--- TASK BRIEF ---
Write the entries below out again exactly; any picture in them stays out.

START GIVEN INFORMATION

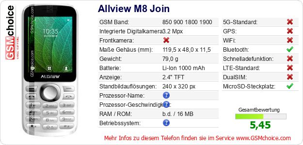 Hast du eigene Webseite? Willst du die Informationen über Standarddaten des Handys Allview M8 Join irgendwo veröffentlichen? Das ist sehr einfach. Du kannst das Bild herunterladen oder kopieren und auf der Webseite folgenden Code hinzufügen:Das Einfügen von diesem Code verursacht das Anzeigen von dem folgenden Bild:
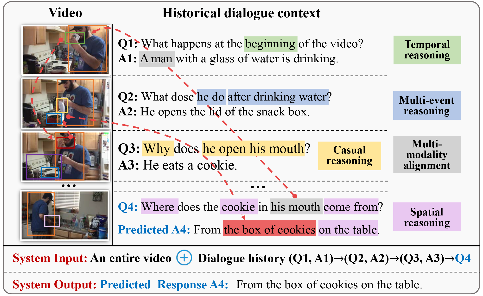 Video-Grounded Dialogue System (VGDS), focusing on generating reasonable responses based on multi-turn dialogue contexts and a given video, has received intensive attention recently. The key to building a superior VGDS lies in efficiently reasoning over visual and textual concepts of various granularities and achieving comprehensive visual-textual multi-modality alignment. Despite remarkable research progress, existing studies suffer from identifying context-relevant video parts while disregarding the impact of redundant information in long-form and content-dynamic videos. Further, current methods usually align all semantics in different modalities uniformly using a one-time cross-attention scheme, which neglects the sophisticated correspondence between various granularities of visual and textual concepts (e.g., still objects with nouns, dynamic events with verbs). To this end, we propose a novel system, namely Cascade cOntext-oriented Spatio-Temporal Attention Network (COSTA), to generate reasonable responses efficiently and accurately. Specifically, COSTA first adopts a cascade attention network to localize only the most relevant video clips and regions in a coarse-to-fine manner which effectively filters the irrelevant visual semantics. Secondly, we design a memory distillation-inspired iterative visual-textual cross-attention strategy to progressively integrate visual semantics with dialogue contexts across varying granularities, facilitating extensive multi-modal alignment. Experiments on several benchmarks demonstrate significant improvements in our model over state-of-the-art methods across various metrics.
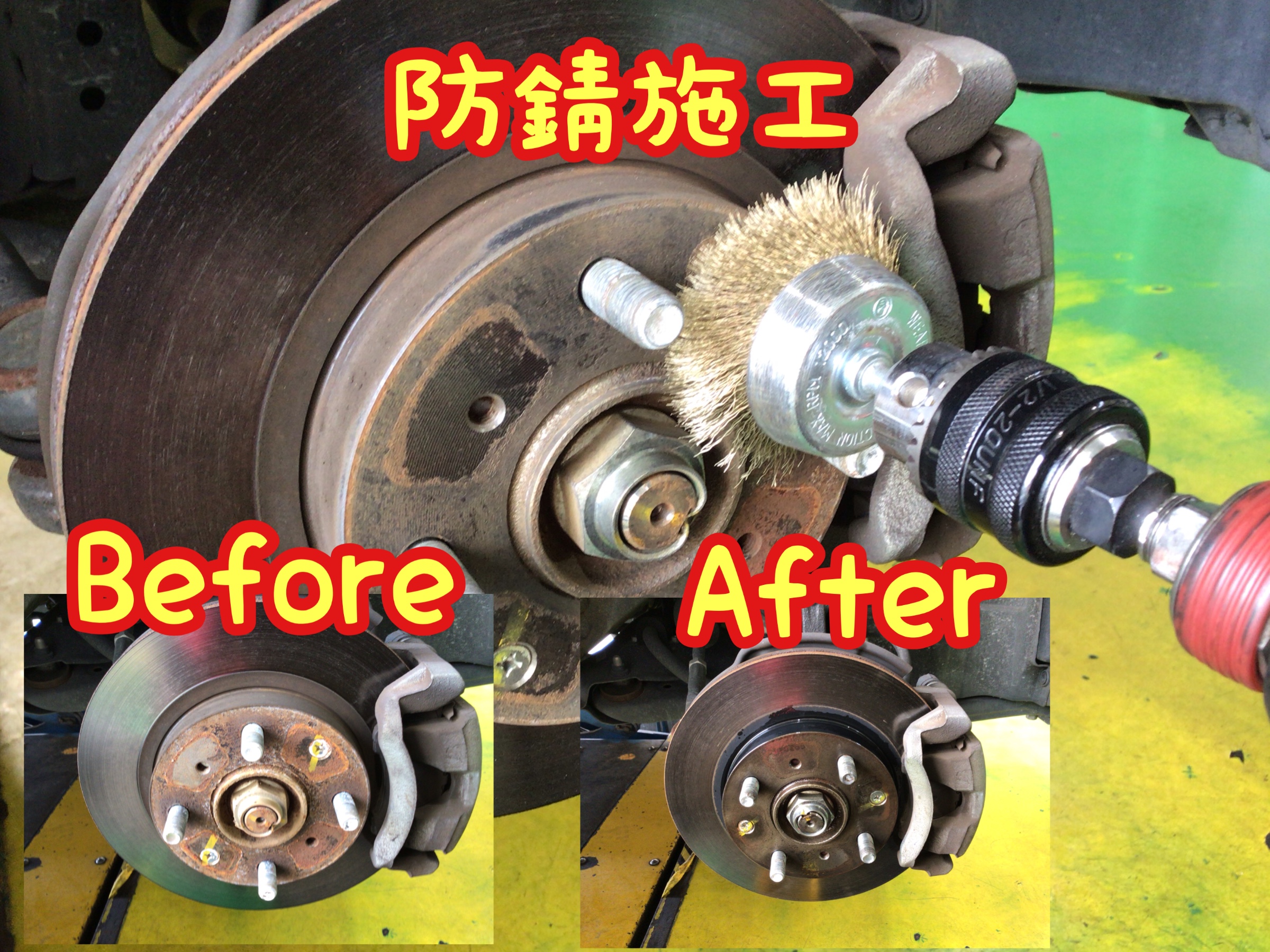 ↓↓↓タイヤ・ホイールを取り付ける前に、取り付け部(ハブ)の錆が気になったので同時に作業させて頂きました。
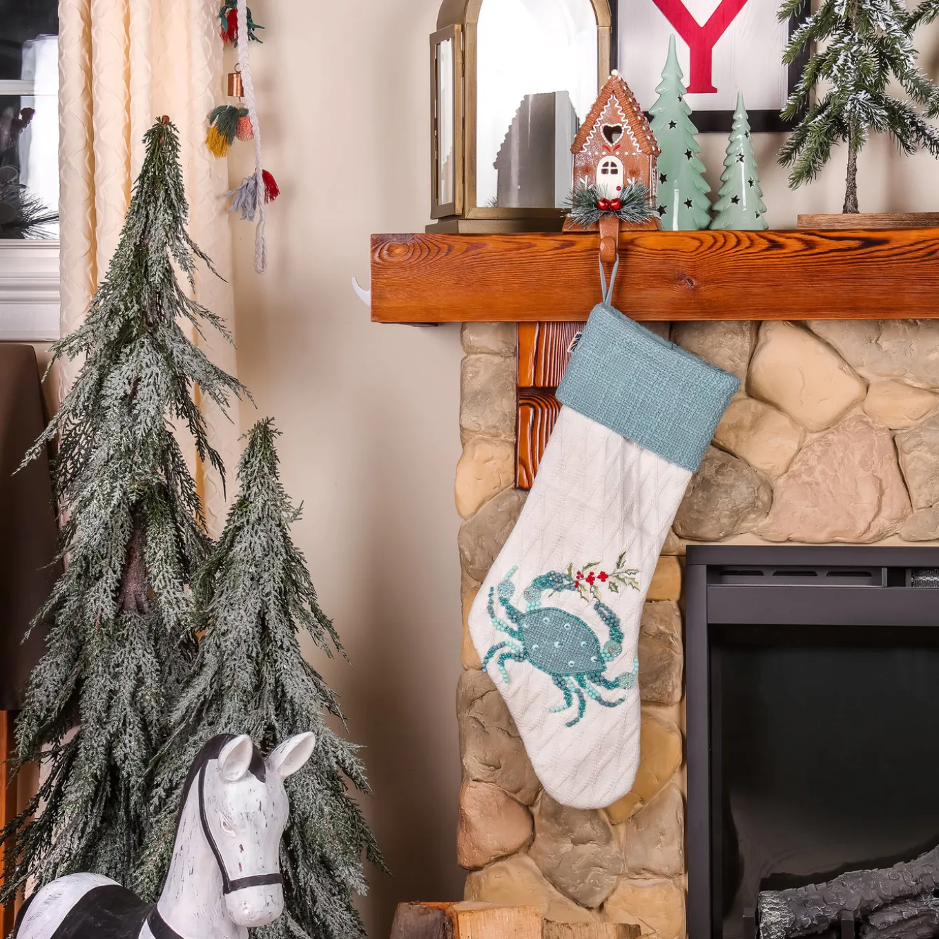 This HGTV Home Collection by National Tree Company white coastal stocking features an adorable blue crab design, accented by a stylish blue cuff. The bright white background creates a fresh and airy look, perfect for beach-themed holiday decor. Ideal for hanging by the fireplace or adding a unique touch to your seasonal display, this stocking captures a fun coastal vibe, making it a delightful addition to your festive celebrations!
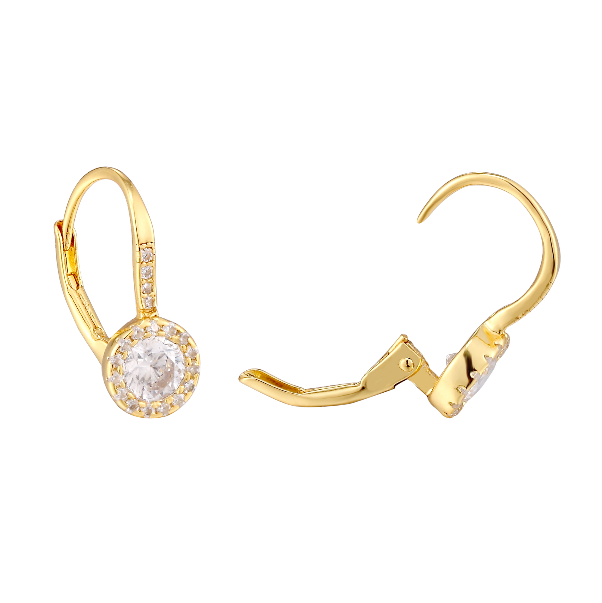Sterling Silver Round Cut CZ Stone Leverback Earrings
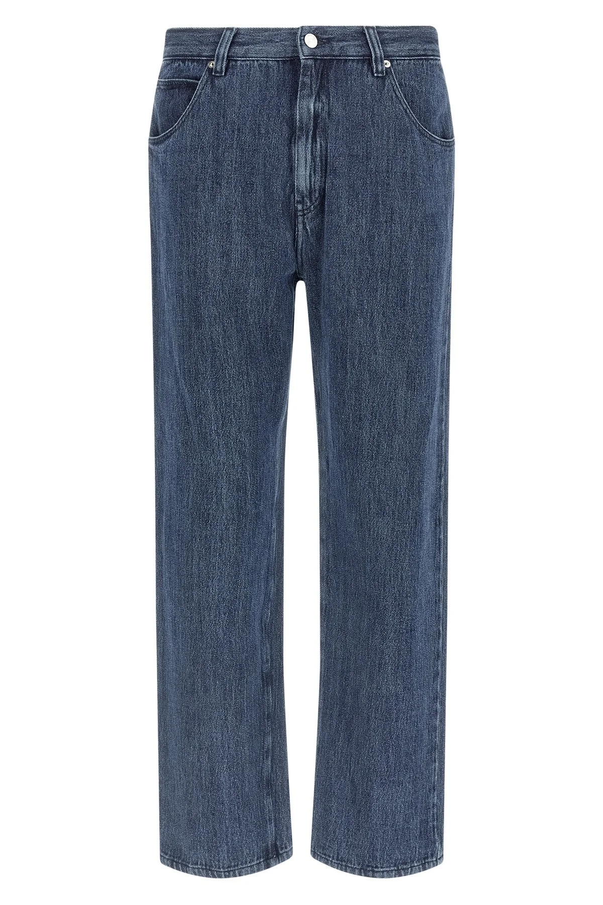 cod. NW25511N1350WA5300 'Warkworth' jeans in light cotton and linen blend, regular waist, straight leg, front zip and button closure, five pockets, back logo tag. Color: Blue Size & Fit: true to size fit Composition: 56% cotton, 44% linen

END GIVEN INFORMATION

--- COMPLETED TASK ---
 Hast du eigene Webseite? Willst du die Informationen über Standarddaten des Handys Allview M8 Join irgendwo veröffentlichen? Das ist sehr einfach. Du kannst das Bild herunterladen oder kopieren und auf der Webseite folgenden Code hinzufügen:Das Einfügen von diesem Code verursacht das Anzeigen von dem folgenden Bild:
 Video-Grounded Dialogue System (VGDS), focusing on generating reasonable responses based on multi-turn dialogue contexts and a given video, has received intensive attention recently. The key to building a superior VGDS lies in efficiently reasoning over visual and textual concepts of various granularities and achieving comprehensive visual-textual multi-modality alignment. Despite remarkable research progress, existing studies suffer from identifying context-relevant video parts while disregarding the impact of redundant information in long-form and content-dynamic videos. Further, current methods usually align all semantics in different modalities uniformly using a one-time cross-attention scheme, which neglects the sophisticated correspondence between various granularities of visual and textual concepts (e.g., still objects with nouns, dynamic events with verbs). To this end, we propose a novel system, namely Cascade cOntext-oriented Spatio-Temporal Attention Network (COSTA), to generate reasonable responses efficiently and accurately. Specifically, COSTA first adopts a cascade attention network to localize only the most relevant video clips and regions in a coarse-to-fine manner which effectively filters the irrelevant visual semantics. Secondly, we design a memory distillation-inspired iterative visual-textual cross-attention strategy to progressively integrate visual semantics with dialogue contexts across varying granularities, facilitating extensive multi-modal alignment. Experiments on several benchmarks demonstrate significant improvements in our model over state-of-the-art methods across various metrics.
 ↓↓↓タイヤ・ホイールを取り付ける前に、取り付け部(ハブ)の錆が気になったので同時に作業させて頂きました。
 This HGTV Home Collection by National Tree Company white coastal stocking features an adorable blue crab design, accented by a stylish blue cuff. The bright white background creates a fresh and airy look, perfect for beach-themed holiday decor. Ideal for hanging by the fireplace or adding a unique touch to your seasonal display, this stocking captures a fun coastal vibe, making it a delightful addition to your festive celebrations!
Sterling Silver Round Cut CZ Stone Leverback Earrings
 cod. NW25511N1350WA5300 'Warkworth' jeans in light cotton and linen blend, regular waist, straight leg, front zip and button closure, five pockets, back logo tag. Color: Blue Size & Fit: true to size fit Composition: 56% cotton, 44% linen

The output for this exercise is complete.